Keep Yourself Open To Change
- Rick Dancer

- 2 days ago
- 2 min read
Keep Yourself Open To Change

It’s easy to get sidetracked when we compare our journey with the calling of other people.
It’s one of the many ways the enemy of our soul gets us offtrack.
Getting stuck in a groove takes the zest from our lives.
Routine has its purpose, but living on the edge, especially when you can’t see the boundaries, makes us come alive.
Settling makes me weary.
When I look back at history, I see God’s people moved in community but rarely settled.
Maybe wandering doesn’t mean we’re lost; it means we’re engaged with the world around us.
To settle might be the step right before we slip into apathy.
Study after study shows to use the mind, challenging it, even running rocky paths and steep slopes, wards off dementia and keeps the mind sharp.
In my younger years, I thought my sixties would be all about comfort and settling.
Boy, was I wrong.
Retirement is defined as “the action or fact of leaving one's job and ceasing to work.
I left my job in 2008.
I didn’t get the message that I was to cease work.
The next year, we created a business.
As I read stories in the Old and New Testaments of the Bible, I don’t see a lot of the characters “ceasing to work.”
We work less, but I can’t imagine actually stopping.
I compare life to a sponge.
If you leave it on the counter, it dries out and gets hard.
But put that sponge in water, and it will absorb everything around it.
I don’t want to be someone who can’t find satisfaction and works to work.
But I don’t see a rockingchair in my future either.
How do you open yourself up to new challenges?
A few months ago, I felt like I needed to prune some things from my life.
It’s easier to let things go.
But I knew I was stuck, and without taking action, I would continue to run in circles.
I had a friend whose tomato plant looked amazing, but there was too much foliage and not enough fruit.

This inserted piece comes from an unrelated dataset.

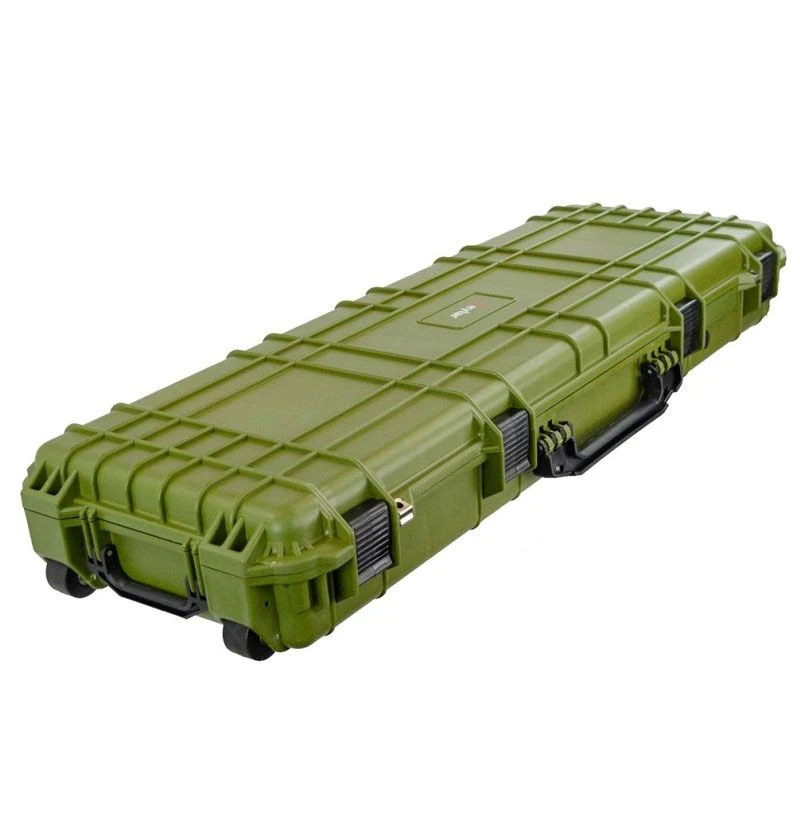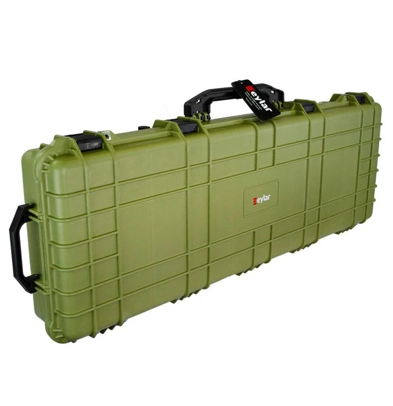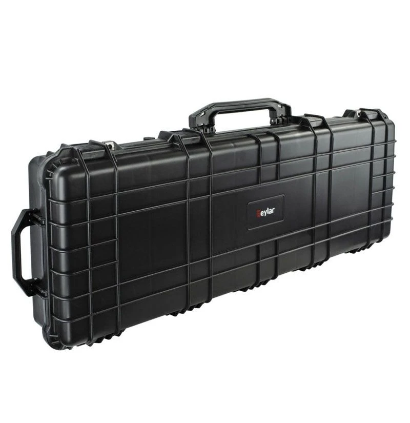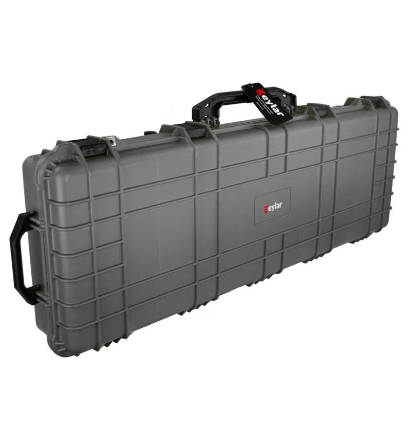 The Eylar 48 inch Tactical Rifle Case with Pick and Pluck Foam interior is designed to secure up to two rifles or combination with optics and gear. This hard shell case Injection molded from reinforced high-pressure polypropylene plastic that is water resistant and crushproof. Built to mil-spec standards, these roller cases are ideal for securely protecting AR rifles, and meet TSA requirements for transporting firearms.

She watched as I severely pruned back the plant to make it more fruitful.
The look on her face was one of horror as I cut the plant back to a quarter of its size.
A few weeks later, red tomatoes appeared all over the plant.
My life is like that plant.
If I don’t prune, what is simply overgrowth, the result is less fruit.
It looks healthy enough, but all the energy is going to stems and not into creating actual fruit.
God asks us to leave things.
Sometimes it’s our job, sometimes our homes, sometimes it’s habits that get in the way of growth.
Keep your eyes focused on your calling, not the job of the guy next to you.
To compare your life with someone else’s is a warning sign that destruction is near.
One more warning, when you start to prune, well-meaning people will tell you to stop.
Don’t stop.
Keep yourself open to change.
Listen for the right time to move.
Look to the horizon for the next thing.